THOUGH medical school consumes most of my time nowadays, I must not fail to remind myself that I am more than just a medical student. It is only part and parcel of who I am. The same way, that when I eventually finish my studies and find myself working in the medical field, being a doctor is only part and parcel of who I am.
Just a quick background, back in high school, I was torn on what field to pursue. I don't want to be just a lawyer, just a doctor, just a soldier. I wanted to be everything. I remember writing in my yearbook, ambition: to be a doctor-lawyer-soldier. Unfortunately, when it came out, my adviser edited it to, ambition: to be a doctor or lawyer.
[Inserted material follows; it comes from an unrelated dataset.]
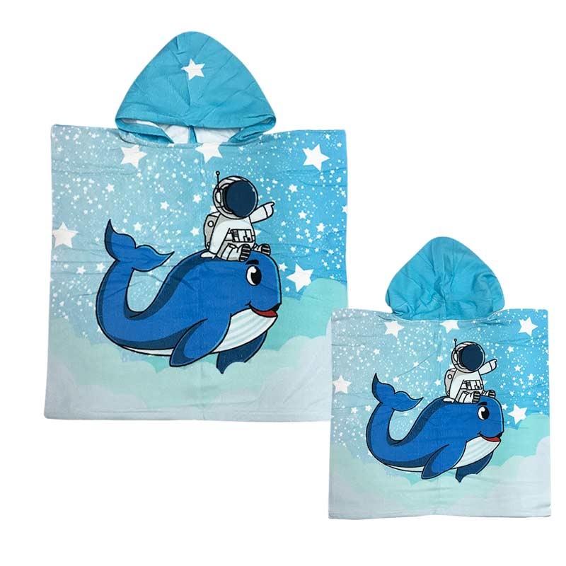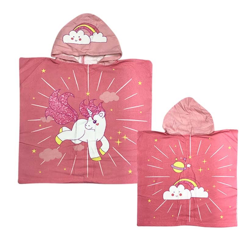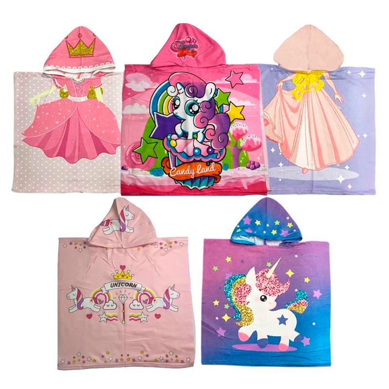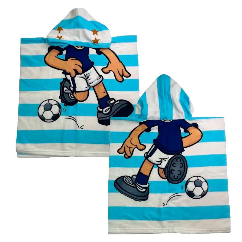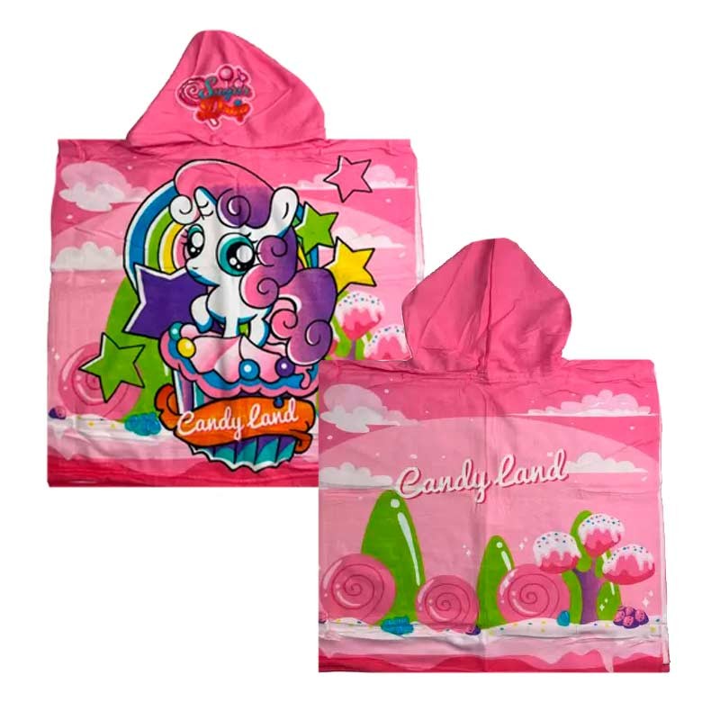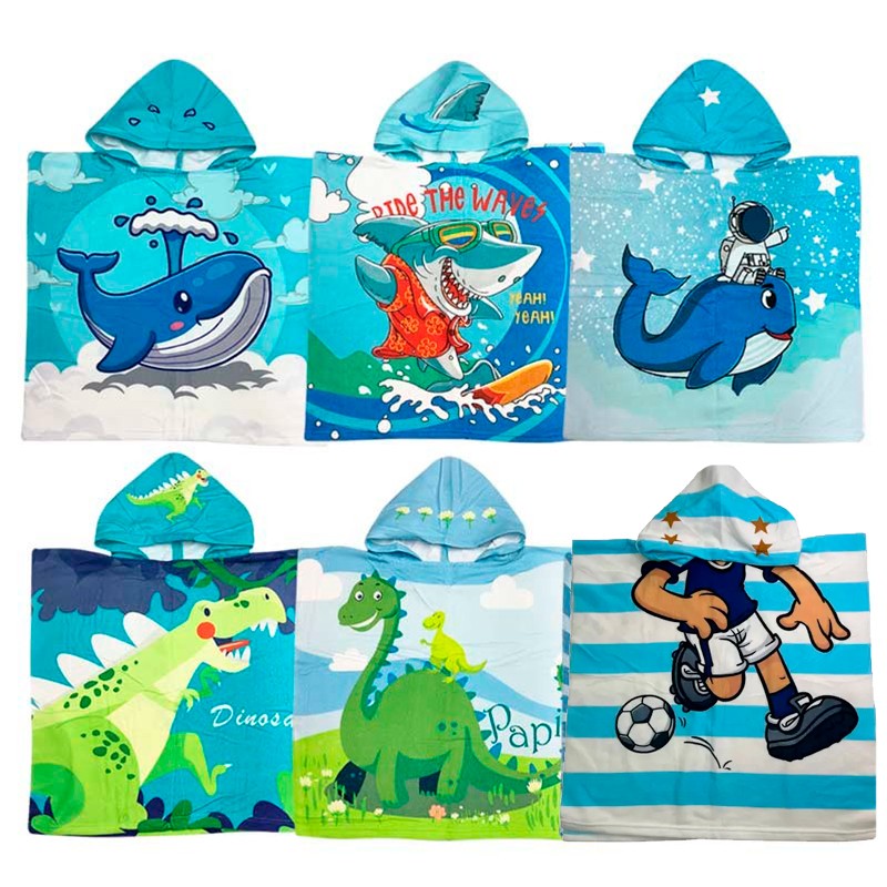 Poncho toalla infantil microfibra c/capucha, dibujo en frente y espalda.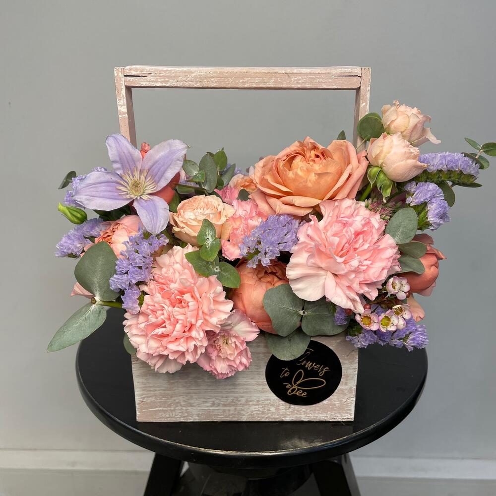 Состав: Роза кустовая пионовидная джульетта - 2 шт.; Роза кустовая пионовидная бомбастик - 1 шт.; Диантус сортовой - 2 шт.; Диантус кустовой - 2 шт.; Клематис - 1 шт.; Роза сортовая - 1 шт.; Лизиантус - 2 шт.; Статица - 3 шт.; Эвкалипт - 3 шт.; Седум - 2 шт.; Хамелациум - 1 шт.; Писташ - 1 шт.; Ящик деревянный ручной работы - 1 шт.; наклейка фирменная - 1 шт.; Оазис флористический - 1 шт.

In college, I entered Broadcast Communication just because my seatmate chose that course. I figured, I could shift courses anyway. I transfered to Political Science during my third year just because I figured I don't know much about the social sciences. As my college years were ending, I needed to decide what track to pursue: medicine, law, foreign service, biology, physics or the military. I was really troubled. I asked help from the university's guidance councilor a couple of times. I even took the career assessment exam thrice!
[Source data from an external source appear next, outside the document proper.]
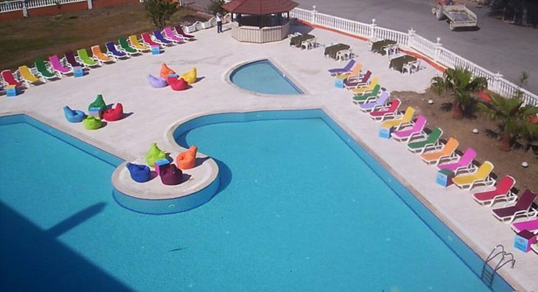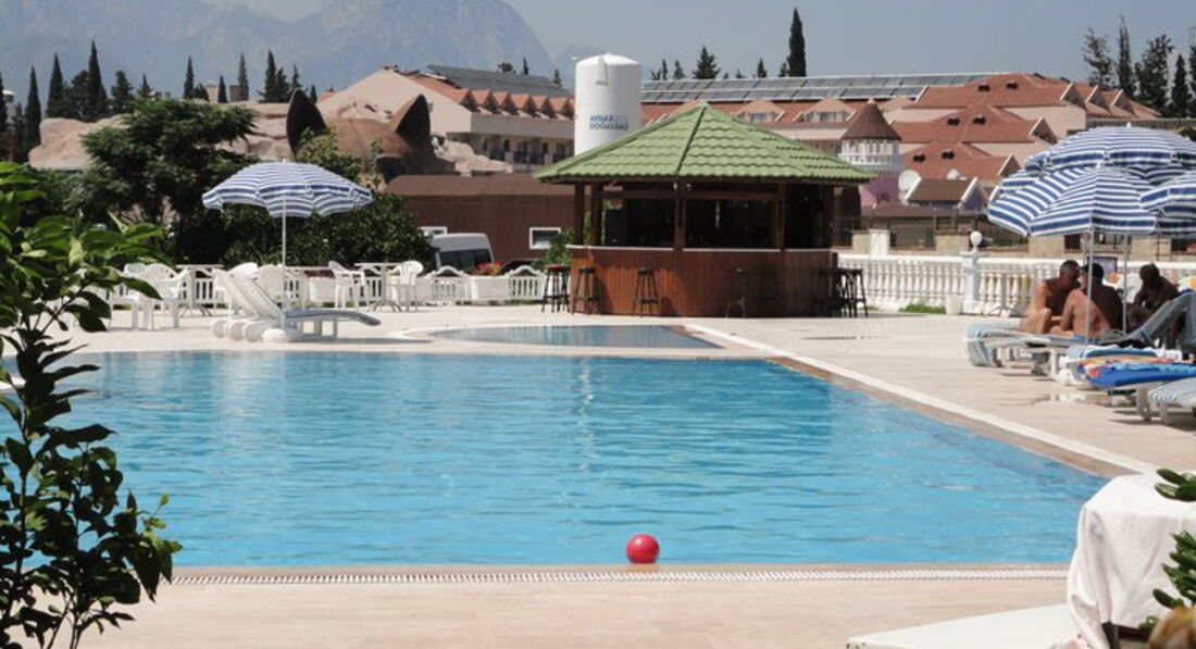 Я буду объективна, т.к. отдыхала ранее в Египте, Израиле, Тунисе, Праге и представление об отдыхе в другой странее имею. Отелю ставлю 3*. Территория отеля не большая и не очень облагорожена, 2 корпуса, мы жили в более новом: номер совдеповский, горячая вода была 2 дня из 7, в остальное время шла холодная. В комнате протек потолок, высох, но побелка "шкурой" нависала над кроватью. На ресепшен после 9 никогда никого не было, двери открыты и мог пройти с променада любой посторонний, это настораживает. Уборка была 2 раза, они просто застилали кровать и уходили с $. Мусор никто не выносил, туал.бумагу и принадлежности типа мыла, геля, шампуня никто ни разу не дал. Постельное поменяли 1 раз за 7 дней!!! Персонал в отеле очень грубый, если что-то просишь они либо делают вид, что не понимают, либо делают и ворчат по турецки (не понятно, может они тебя посылают?). Менеджер отеля Алехандро редкий грубиян, он мило улыбается и общается, затем протягивает руки, если отказала, он как и все работники наорал на своем языке и последующие дни не здоровался, это не профессионально, ведь он на работе! Из еды на завтрак колбаса, сыр, яйца и хлеб, большего не ждите! На обед 2 вида гарнира, овощи свежие и на гриле, зелень, печень, 1 раз курица (не всем досталась), моченые огруцы, арбуз, апельсины, ужасные сладости (очень жирный масляный торт, несъедобное желе), напитки типа юпи (чаще всего пусты эти аппараты) и кофе,чай. На баре пиво, вино невозможно пить, и у работников это надо выпросить, наливают неохотно по пол стакана. Анимации вечером нет, зазывают в клуб Аура, приводят толпой и не разрешают "отбиваться от стаи". Пляж 1700м от отлея, трансфер 3 раза в день, он платный!!!!!! и бар на нем тоже платный!!!! Мы ходили на общественный, 3 минуты пешком, он от клуба Аура, вход 2$, шезлонг и зонт выбираешь любой, хороший работник Октай смотрит за чистотой и порядком. Вцелом отдых испорчен, отель просто ужасен, никогда туда не вернусь, общее впечатление о Турции испорчено, понравилось только море.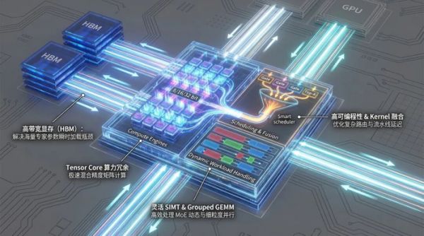此次适配中,天数智芯与DeepLink团队聚焦DeepSeek-V4核心技术特性,针对MoE架构、稀疏注意力、FP8混合精度等关键模块,依托KernelSwift开展定制化算子开发与深度优化。双方技术团队协同攻坚,充分发挥天数智芯芯片产品的算力密度、带宽优势,以及低时延、高吞吐推理能力,实现模型发布与算力资源适配同步落地。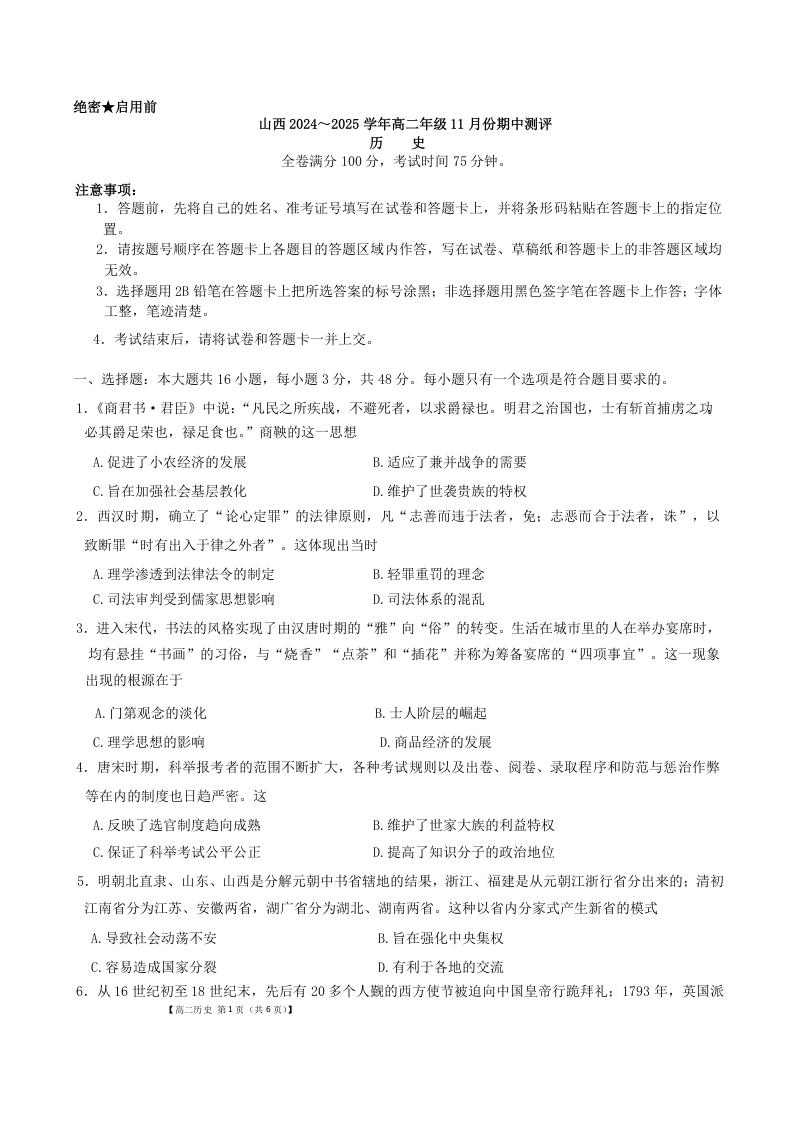 山西省运城市2024-2025学年高二年级11月份期中测评历史+答案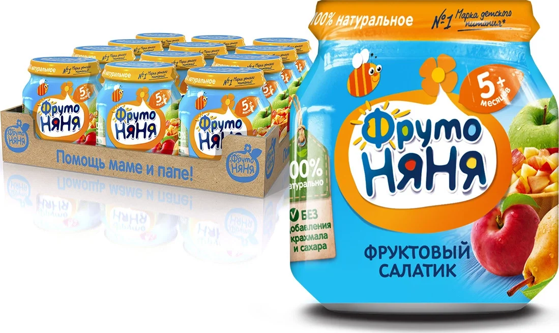 Пюре ФрутоНяня яблоко, груша, персик - фруктовый салатик с 5 мес 100г 12 шт

The guiding beacon came when I wrote a book report for my foreign service class. It was an autobiography of a doctor turned policy maker who was appointed by the President to preside the negotiations over military matters of foreign importance. That is when I realized that being in a certain field doesn't necessitate that I would be confined to that field alone. I could still pursue the other things that I wanted to do.
Upon entering medical school, I have came to forget this. I was so caught up with my studies that there were times that I feel like I was making the wrong decision of entering medicine, that I am not like the others who dreams of nothing else but being a doctor all their life. I didn't dream of being a doctor all my life. I dreamed of being everything all my life.
A note from our past lecture (something that most of us overlooked since we were so caught up on the hard medicine):
The Physician-Social Catalyst: I am first a citizen then a doctor. I recognize that I am part of a bigger community. My goal is to provoke significant change to society.